2. i landed within 30 cms of a metal post sticking 10cm out of the ground
3. her momentum caused me to slide along the gravel causing a very deep gash to my knee and a hand i couldn't move for days
- my horse got the stirrup caught on the gate and panicked, i tried to jump off but managed to bang my head on the ground and hit my fingers hard on the fence.
- pony put his head down to eat and i keep going.

I could go on and on... theres just so many.

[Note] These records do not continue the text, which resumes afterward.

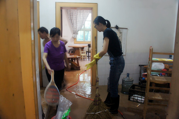 7月2日至4日,长沙市宁乡县由于持续几天大暴雨,河水猛涨,加之老城区的排水系统老化,处于地势低洼沿江地带的东沩路成了城中“重灾区”,很多社区居民一楼被大水淹盖。水势退却后,这些居民家中大量垃圾、淤泥堆积,家具家电、生活用具到处散落,严重影响了居民的生活。位于东沩路上的文中社区居住的多是老人,灾后清理工作无疑让这些老人们“雪上加霜”。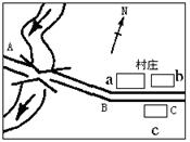 (3)村庄b在村庄a的?????方;村庄c分别在村庄a、b的???????方和???????方。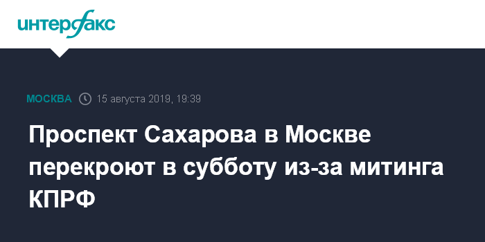 Столичными властями был согласован митинг "За честные и чистые выборы" с предполагаемым количеством участников до 5 тыс. человек, организованный московским отделением КПРФ. Акция пройдет 17 августа с 12:00 до 15:00 на внешней стороне проспекта Академика Сахарова.

Why do i keep riding? Well looking at the above falls, I guess I just must be crazy!!!! :lol: :wink:


----------



## PoptartShop (Jul 25, 2010)

Wow that's a lot of falls. :shock:
Hahaa a good rider never quits 'cause of a fall, LOL! :lol:  I always get right back on.


----------



## ilovemyhorsies (Mar 9, 2008)

i fell off today.......it hurt me a lot!

vince leapt up this steep (and high) bank and took off on a narrow ledgy thing. i stayed on. then there was a tree branch over the ledge. my arm smashed into it and i knew i had to let go and fall off or have my arm torn or broken. i rolled down the bank and vince kept going along the ledge. he had to stop because there was a lot of trees blocking the way. i had screamed out when i smashed into the tree so the people near where we were came to help. by this time i had scrambled up to vince to see how he was. the people who came helped me to turn him around on a wider part of the bank then back down where it wasn't so steep. we were ok except for...

VINCE
-stiff back leg
-a few scratches that were bleeding

ME
-sore leg
-sore back
-scratches on both arms....worse on the side where i hit the tree
-scratches on my neck
-scratches on my hands and a small cut on my finger
-a head ache

..................................i am so lad it was only that it could've been so much worse.....vince could have broken a leg, i could have broken a arm or leg....vince might've......well lot's of things could've happened but i'm so glad they didn't!


----------



## my2geldings (Feb 18, 2008)

Glad to see you were able to come on here and share what happened. Take it easy and let those "ouchies" heal


----------



## cls (May 11, 2008)

I've fallen off tons of times, and usually it's my fault because I've done something stupid, and even though some of them hurt a lot, every time I've been able to get right back on.

EXCEPT about two weeks ago, when I had my worst fall yet. First, I'll give you some background: I was basically tricked into buying Lucky, the horse I have right now. He's really spooky, unpredictable, and dangerous (we actually think he might have some neurological problems). At the moment I'm looking for a nice home for him, where he probably shouldn't be ridden. Anyway, I hadn't ridden Lucky for a few weeks because my trainer had been on vacation and Luck is so crazy that I'm afraid to ride him without her around. I was pretty sure I was going to fall off that day, since it was his first ride in weeks, but I felt sorry for him, and I've fallen off so many times that I didn't think it would be that big of a deal. So I had ridden Lucky for about forty minutes, mostly just working on his trotting, and he was being a little bratty, but not too bad. I was focusing on my riding really hard, and then out of completely NOWHERE, I was in the air. Lucky had done a giant buck in the middle of his trot for no reason. I landed right on my head and neck, and when I got up, I could barely breathe or move because my back and neck hurt so much. My mom rushed me to the ER, where I got a bunch of xrays and stuff, but all I had was whiplash and a bunch of badly pulled muscles. Sounds lame, but it hurt a lot!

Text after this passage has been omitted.